Similarly, trying to add non-queries to an aggregate query like the bool or dis max queries will result in an error:

dis_max_query = Daedal::Queries::DisMaxQuery.new

dis_max_query.queries << :foo
# Virtus::CoercionError: Failed to coerce :foo into "Daedal::Queries::Query"

Creating custom queries

Currently, I've only made it through a fraction of the entire Query DSL, but will be adding more as time goes by. If there's a component of the query DSL that you need that isn't implemented yet, it's easy to define it yourself within your project (or, feel free to contribute to Daedal!).

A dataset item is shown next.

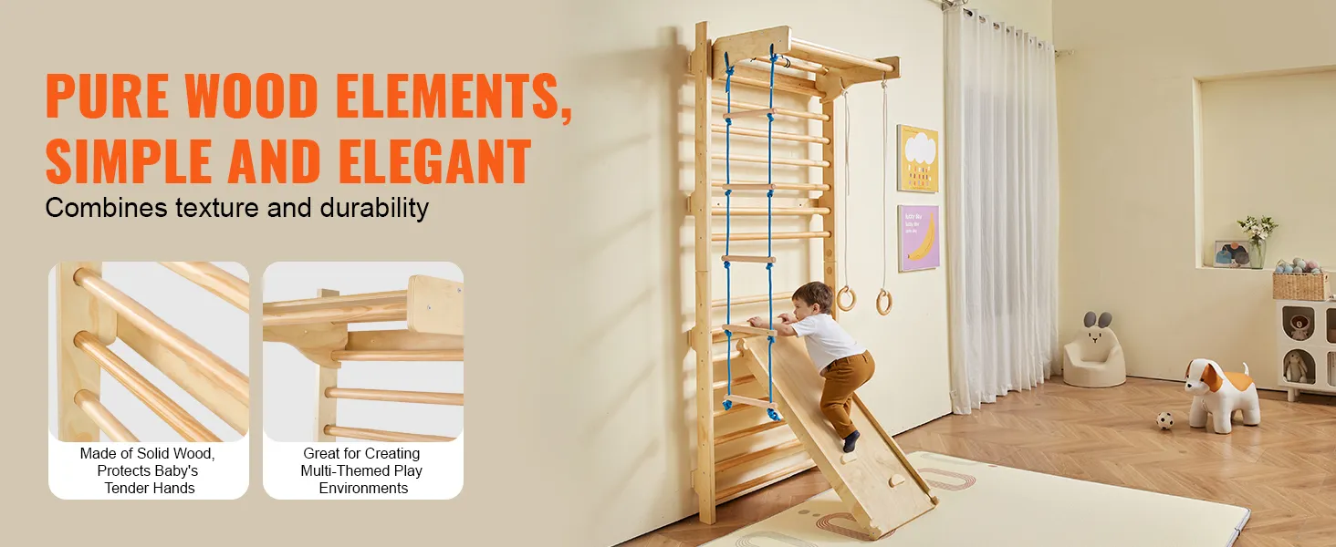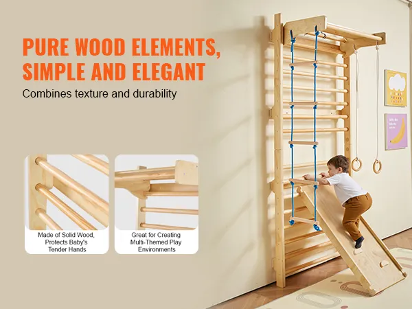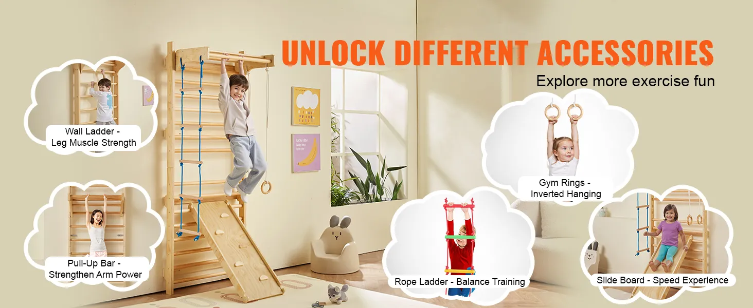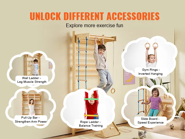 Kinderen kunnen ladderklimmen, touwladderklimmen en gymnastiekringen proberen om hun coördinatievaardigheden te verbeteren. Dit Zweedse wandturntoestel biedt diverse klimmogelijkheden en bevordert het fysieke uithoudingsvermogen.
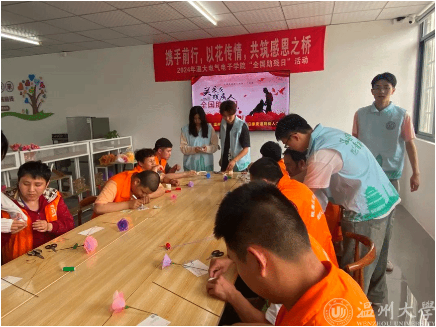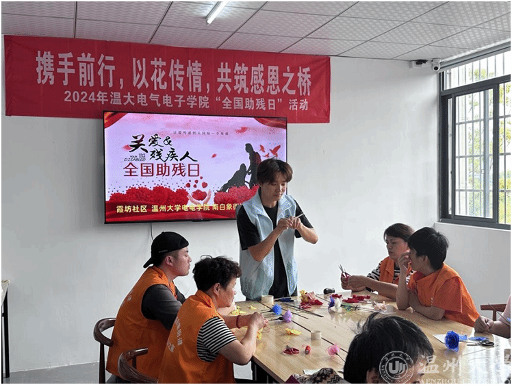 为积极响应国家对残疾人的关怀和支持,近日,ac米兰官网中文网站单脚鞋银行志愿服务项目的成员们和ac米兰官网中文网站电气与电子工程学院的志愿者们来到霞坊社区残联之家,一同开展“携手前行,以花传情,共筑感恩之桥”全国助残日活动。

Creating custom filters or queries tailored specifically to your use case is also pretty straightforward. Here are some guidelines:

  • Make your class inherit from Daedal::Queries::Query or Daedal::Filters::Filter
  • Define the parameters for your query using Virtus attributes (note: strict coercion is being used)
  • Define the #to_hash method

Example of a custom query:

class PlayQuery < Daedal::Queries::Query

  # define the parameters that you want in your query
  # if the field is optional, make sure to set required to false
  attribute :author, String
  attribute :title, String

  attribute :characters, Array[String], required: false

  def construct_query
    author_query = Daedal::Queries::MatchQuery.new(field: 'author', query: author)
    title_query = Daedal::Queries::MatchQuery.new(field: 'title', query: title)

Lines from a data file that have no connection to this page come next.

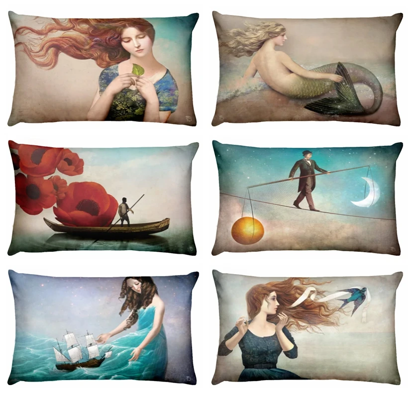 Домашние подушки украшения Русалка девушка печатных подушка для поясницы декоративные скандинавские сказочные Almofadas Decorativas 50*30 см
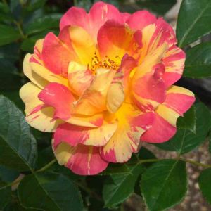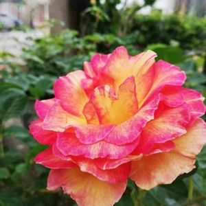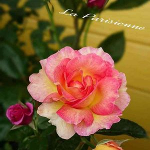 フレンチローズ ラ・パリジェンヌ オレンジと黄色のグラデーションが特徴のようですが、ピンク色に見えますね…
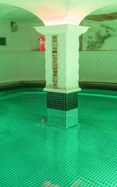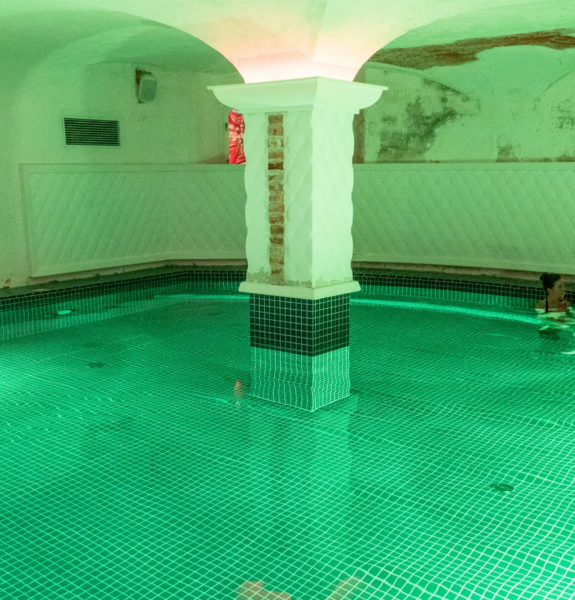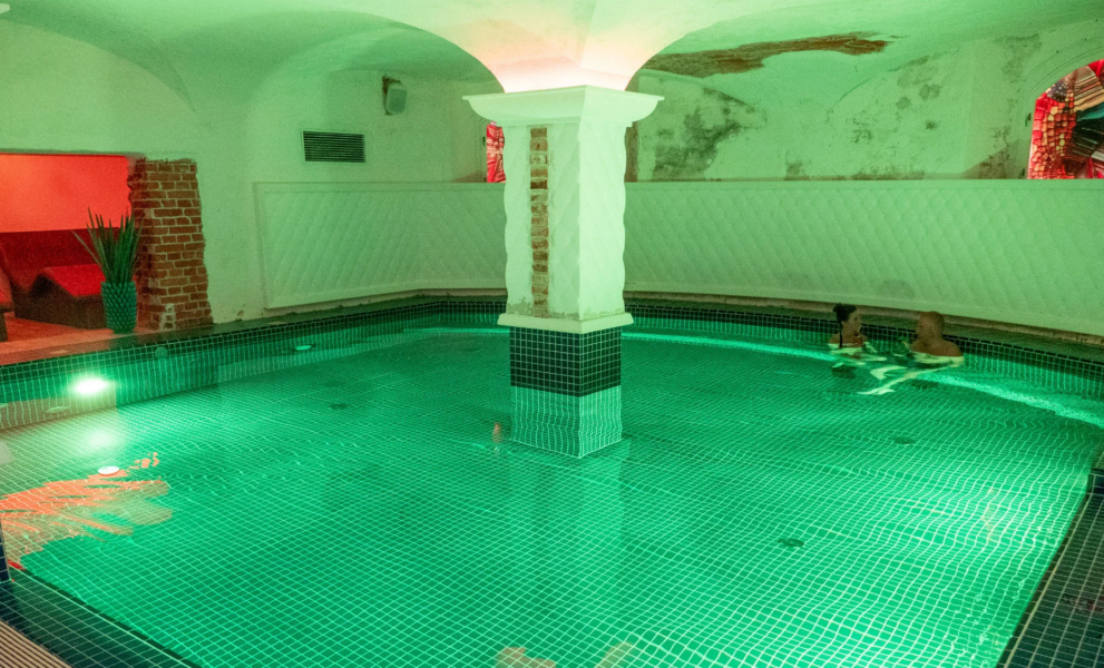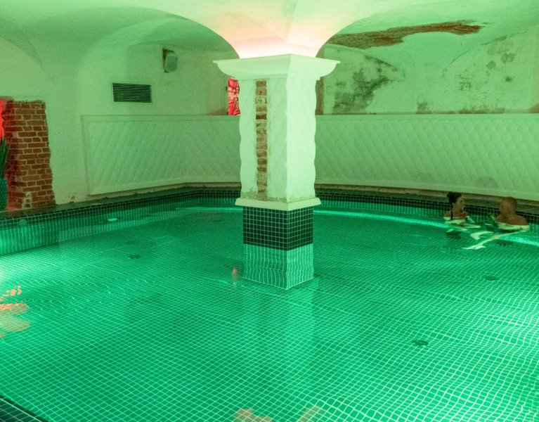 An indoor warm-water pool located in a hall with vaulted ceilings and columns.

    full_query = Daedal::Queries::BoolQuery.new(must: [author_query], should: [title_query])
    characters.each do |character|
      full_query.should << Daedal::Queries::MatchQuery.new(field: 'characters', query: character)
    end

    full_query
  end

  # define the to_hash method to convert for use in ElasticSearch
  def to_hash
    construct_query.to_hash
  end
end

play_query = PlayQuery.new(author: 'Beckett', title: 'Waiting for Godot', characters: ['Estragon', 'Vladimir'])
puts play_query.to_json # => {"bool":{"should":[{"match":{"title":{"query":"Waiting for Godot"}}},{"match":{"characters":{"query":"Estragon"}}},{"match":{"characters":{"query":"Vladimir"}}}],"must":[{"match":{"author":{"query":"Beckett"}}}],"must_not":[]}}

Contributing

The ElasticSearch Query DSL is pretty big and includes a ton of nuance. I'm starting with the most basic parts of the DSL (and the parts I use for work), so if you want to help out with the project to meet your needs please feel free to contribute! I just ask that you:

  • Fork the project
  • Make your changes or additions
  • Add tests! My goal is to keep Daedal a thoroughly tested project
  • Send me a pull request

Feedback or suggestions are also always welcome!

License

The MIT License (MIT)

Copyright (c) 2013 Christopher Schuch

Permission is hereby granted, free of charge, to any person obtaining a copy of this software and associated documentation files (the "Software"), to deal in the Software without restriction, including without limitation the rights to use, copy, modify, merge, publish, distribute, sublicense, and/or sell copies of the Software, and to permit persons to whom the Software is furnished to do so, subject to the following conditions:

The above copyright notice and this permission notice shall be included in all copies or substantial portions of the Software.

THE SOFTWARE IS PROVIDED "AS IS", WITHOUT WARRANTY OF ANY KIND, EXPRESS OR IMPLIED, INCLUDING BUT NOT LIMITED TO THE WARRANTIES OF MERCHANTABILITY, FITNESS FOR A PARTICULAR PURPOSE AND NONINFRINGEMENT. IN NO EVENT SHALL THE AUTHORS OR COPYRIGHT HOLDERS BE LIABLE FOR ANY CLAIM, DAMAGES OR OTHER LIABILITY, WHETHER IN AN ACTION OF CONTRACT, TORT OR OTHERWISE, ARISING FROM, OUT OF OR IN CONNECTION WITH THE SOFTWARE OR THE USE OR OTHER DEALINGS IN THE SOFTWARE.